In the past two years, almost all targets have undergone joint trials with PD-1. However, among all the combined targets, CTLA-4 is the target with the most joint trials conducted by pharmaceutical companies in addition to chemotherapy, which makes CTLA-4 inhibitors shoulder the burden of breaking the internal volume of PD-1.

At the annual meeting of the European Society of Medical Oncology in 2019, BMS announced the 5-year results of the Y-drug combined O drug melanoma phase III clinical study CheckMate-067. The 5-year overall survival rate of the OY treatment group was 52%, the 5-year overall survival rate of the O drug monotherapy group was 44%, and the 5-year total survival rate of the Y drug monotherapy group was 26%, and the combination drug effect was remarkable.

It is also relying on the combination scheme with O drugs that the revenue of Y drugs has continued to grow in the past three years, with an annualized compound growth rate of 16.6%. This is sufficient to illustrate the explosive potential of CTLA-4 inhibitors in combination with PD-1 from the side.

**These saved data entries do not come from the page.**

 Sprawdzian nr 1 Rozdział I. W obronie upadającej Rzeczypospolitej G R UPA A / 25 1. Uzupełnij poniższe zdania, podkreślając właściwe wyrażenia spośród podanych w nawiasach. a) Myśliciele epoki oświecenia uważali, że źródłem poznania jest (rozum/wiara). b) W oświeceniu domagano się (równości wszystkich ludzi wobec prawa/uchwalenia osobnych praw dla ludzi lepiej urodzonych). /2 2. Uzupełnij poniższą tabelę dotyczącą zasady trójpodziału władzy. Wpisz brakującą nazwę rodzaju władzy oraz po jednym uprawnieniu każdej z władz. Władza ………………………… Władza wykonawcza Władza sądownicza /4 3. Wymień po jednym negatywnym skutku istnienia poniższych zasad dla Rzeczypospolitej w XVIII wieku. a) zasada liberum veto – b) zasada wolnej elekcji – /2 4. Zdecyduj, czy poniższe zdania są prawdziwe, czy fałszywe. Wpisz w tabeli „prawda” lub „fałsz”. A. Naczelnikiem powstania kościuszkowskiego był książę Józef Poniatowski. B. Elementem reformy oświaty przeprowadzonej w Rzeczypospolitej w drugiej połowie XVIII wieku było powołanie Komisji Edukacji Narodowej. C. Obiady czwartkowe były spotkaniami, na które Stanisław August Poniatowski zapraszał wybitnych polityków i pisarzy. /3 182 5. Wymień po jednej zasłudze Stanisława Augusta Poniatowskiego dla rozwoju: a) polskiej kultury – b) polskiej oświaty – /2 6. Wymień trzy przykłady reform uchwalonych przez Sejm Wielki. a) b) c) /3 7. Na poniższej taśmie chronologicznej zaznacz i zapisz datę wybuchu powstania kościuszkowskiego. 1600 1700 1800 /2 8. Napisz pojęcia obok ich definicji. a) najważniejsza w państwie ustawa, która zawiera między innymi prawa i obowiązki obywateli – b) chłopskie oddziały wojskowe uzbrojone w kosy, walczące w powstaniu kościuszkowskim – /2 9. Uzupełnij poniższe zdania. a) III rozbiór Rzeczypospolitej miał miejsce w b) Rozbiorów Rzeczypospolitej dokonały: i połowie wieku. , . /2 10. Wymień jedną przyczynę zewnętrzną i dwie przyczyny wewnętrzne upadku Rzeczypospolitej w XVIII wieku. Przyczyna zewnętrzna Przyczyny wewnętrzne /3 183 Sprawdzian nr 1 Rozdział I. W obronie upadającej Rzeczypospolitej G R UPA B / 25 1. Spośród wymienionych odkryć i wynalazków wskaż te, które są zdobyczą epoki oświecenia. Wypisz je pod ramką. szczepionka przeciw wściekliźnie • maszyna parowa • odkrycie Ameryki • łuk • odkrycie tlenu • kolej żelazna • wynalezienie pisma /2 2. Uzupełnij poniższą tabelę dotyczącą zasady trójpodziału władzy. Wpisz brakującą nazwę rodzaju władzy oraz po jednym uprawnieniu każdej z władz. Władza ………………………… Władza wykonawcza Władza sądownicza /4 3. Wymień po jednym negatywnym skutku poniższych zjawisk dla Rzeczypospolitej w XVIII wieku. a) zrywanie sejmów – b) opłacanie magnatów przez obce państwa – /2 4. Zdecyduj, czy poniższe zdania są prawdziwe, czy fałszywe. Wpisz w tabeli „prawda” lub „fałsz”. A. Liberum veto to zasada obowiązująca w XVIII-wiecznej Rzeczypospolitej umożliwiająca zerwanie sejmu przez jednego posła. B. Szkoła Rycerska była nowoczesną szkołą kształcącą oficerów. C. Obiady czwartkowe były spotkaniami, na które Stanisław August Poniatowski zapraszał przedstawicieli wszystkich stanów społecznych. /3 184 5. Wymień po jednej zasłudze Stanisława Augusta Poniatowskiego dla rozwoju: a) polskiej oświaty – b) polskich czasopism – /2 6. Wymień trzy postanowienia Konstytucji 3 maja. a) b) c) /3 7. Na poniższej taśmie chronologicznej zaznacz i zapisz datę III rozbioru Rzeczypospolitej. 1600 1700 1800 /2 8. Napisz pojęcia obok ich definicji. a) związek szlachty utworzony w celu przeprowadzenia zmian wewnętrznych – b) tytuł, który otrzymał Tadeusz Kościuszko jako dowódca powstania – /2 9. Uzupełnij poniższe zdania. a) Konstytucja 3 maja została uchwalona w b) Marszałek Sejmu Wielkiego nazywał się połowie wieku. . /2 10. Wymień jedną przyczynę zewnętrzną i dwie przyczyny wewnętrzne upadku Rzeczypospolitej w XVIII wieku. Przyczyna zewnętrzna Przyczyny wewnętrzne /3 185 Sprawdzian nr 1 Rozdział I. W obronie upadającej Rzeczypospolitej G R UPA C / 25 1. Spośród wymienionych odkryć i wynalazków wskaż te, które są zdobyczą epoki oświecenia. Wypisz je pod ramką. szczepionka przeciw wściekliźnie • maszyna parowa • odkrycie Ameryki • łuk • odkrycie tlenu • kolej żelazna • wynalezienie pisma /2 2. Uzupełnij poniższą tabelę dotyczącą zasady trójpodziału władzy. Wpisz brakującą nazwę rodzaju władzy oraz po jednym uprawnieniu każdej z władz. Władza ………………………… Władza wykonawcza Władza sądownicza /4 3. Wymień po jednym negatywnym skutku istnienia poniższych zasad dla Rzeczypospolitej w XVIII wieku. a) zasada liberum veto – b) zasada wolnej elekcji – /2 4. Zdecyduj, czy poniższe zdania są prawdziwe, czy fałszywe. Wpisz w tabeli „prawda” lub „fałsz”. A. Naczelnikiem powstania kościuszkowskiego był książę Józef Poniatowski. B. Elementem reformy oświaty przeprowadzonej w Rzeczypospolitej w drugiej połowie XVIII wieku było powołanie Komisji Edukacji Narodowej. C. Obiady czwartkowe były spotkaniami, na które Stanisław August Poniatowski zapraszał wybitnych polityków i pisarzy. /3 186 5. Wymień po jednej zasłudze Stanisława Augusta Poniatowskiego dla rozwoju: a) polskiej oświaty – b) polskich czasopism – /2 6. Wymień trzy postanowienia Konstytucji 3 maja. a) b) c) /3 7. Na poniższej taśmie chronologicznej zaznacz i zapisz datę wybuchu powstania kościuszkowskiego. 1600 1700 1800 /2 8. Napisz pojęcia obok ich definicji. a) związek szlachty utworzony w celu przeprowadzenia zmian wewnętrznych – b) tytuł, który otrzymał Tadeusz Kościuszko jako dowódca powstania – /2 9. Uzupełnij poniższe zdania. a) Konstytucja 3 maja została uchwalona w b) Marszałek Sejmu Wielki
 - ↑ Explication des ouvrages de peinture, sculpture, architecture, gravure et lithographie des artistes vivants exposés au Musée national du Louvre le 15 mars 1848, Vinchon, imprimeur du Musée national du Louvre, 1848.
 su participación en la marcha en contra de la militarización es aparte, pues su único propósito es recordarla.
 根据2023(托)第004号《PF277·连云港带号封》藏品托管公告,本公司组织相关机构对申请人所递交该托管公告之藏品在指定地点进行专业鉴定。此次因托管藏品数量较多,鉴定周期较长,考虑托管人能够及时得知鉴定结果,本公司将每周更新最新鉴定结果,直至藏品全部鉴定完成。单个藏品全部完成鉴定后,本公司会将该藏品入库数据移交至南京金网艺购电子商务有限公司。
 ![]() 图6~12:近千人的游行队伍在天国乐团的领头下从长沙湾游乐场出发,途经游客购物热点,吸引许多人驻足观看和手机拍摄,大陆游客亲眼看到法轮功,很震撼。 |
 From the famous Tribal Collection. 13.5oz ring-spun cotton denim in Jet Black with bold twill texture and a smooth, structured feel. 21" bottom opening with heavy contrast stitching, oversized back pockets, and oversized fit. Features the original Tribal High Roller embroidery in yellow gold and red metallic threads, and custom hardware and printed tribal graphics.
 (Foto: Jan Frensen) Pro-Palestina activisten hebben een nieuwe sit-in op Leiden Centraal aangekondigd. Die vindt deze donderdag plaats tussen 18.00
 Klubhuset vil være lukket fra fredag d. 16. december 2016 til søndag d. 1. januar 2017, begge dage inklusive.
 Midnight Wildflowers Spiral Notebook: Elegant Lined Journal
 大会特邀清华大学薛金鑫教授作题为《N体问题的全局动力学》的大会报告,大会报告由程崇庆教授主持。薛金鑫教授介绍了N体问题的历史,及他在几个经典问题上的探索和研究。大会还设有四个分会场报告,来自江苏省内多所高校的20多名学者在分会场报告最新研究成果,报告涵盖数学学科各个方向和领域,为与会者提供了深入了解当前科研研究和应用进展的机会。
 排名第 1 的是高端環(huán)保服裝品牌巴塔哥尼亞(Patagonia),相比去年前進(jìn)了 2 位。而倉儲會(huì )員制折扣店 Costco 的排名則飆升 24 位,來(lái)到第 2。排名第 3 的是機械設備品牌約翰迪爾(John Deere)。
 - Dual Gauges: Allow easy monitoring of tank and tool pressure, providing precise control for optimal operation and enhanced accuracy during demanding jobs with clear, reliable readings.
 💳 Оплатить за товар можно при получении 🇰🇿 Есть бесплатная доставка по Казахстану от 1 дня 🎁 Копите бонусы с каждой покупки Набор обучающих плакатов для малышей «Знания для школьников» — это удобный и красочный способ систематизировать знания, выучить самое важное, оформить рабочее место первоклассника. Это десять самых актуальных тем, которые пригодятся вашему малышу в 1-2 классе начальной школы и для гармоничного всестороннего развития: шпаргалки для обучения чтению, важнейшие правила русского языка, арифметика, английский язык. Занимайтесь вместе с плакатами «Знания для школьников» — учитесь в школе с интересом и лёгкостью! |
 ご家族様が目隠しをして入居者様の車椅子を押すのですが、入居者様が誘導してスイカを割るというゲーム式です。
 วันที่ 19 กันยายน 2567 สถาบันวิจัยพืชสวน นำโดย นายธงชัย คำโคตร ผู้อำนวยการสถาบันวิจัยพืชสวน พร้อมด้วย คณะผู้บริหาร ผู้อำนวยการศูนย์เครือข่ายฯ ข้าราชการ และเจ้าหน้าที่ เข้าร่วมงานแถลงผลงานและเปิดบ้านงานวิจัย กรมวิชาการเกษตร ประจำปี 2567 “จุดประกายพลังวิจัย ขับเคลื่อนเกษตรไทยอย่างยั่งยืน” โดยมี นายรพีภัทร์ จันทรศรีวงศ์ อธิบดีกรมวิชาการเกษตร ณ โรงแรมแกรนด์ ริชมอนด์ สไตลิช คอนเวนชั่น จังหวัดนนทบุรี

Especially at the moment when domestic PD-1 products are becoming more and more involuted, BMS is worth learning from domestic companies, and Hengrui Pharmaceutical has spent huge sums of money to acquire CTLA-4 inhibitors, or also to pave the way for its own PD-1 products.

After all, CTLA-4 inhibitors have become a key link in combination immunotherapy regimens and an important target for popular dual antibody products. Kangfang Bio's PD-1 and CTLA-4 dual antibody products have applied for listing in 9 years last year, and are expected to become the first PD-1 bispecific antibody listed in China; Corning Jereh's PD-1 and CTLA-4 dual antibody products have just completed Phase III clinical trials.

After the Chinese pharmaceutical companies have concentrated on the PD-1 track, it is obvious that there is excess capacity, and how to find a differentiated development path will be the next problem they need to consider, and the CTLA-4 target may be one of the answers to differentiation.

By combining with ctLA-4 targets or making a dual antibody, it can effectively make its own PD-1 products go out of the Red Sea and gain differentiated market competitiveness.

With the approval of more CTLA-4 target-based products, immunotherapy options may gradually become mainstream, and it is expected to further promote the scale growth of PD-1 products.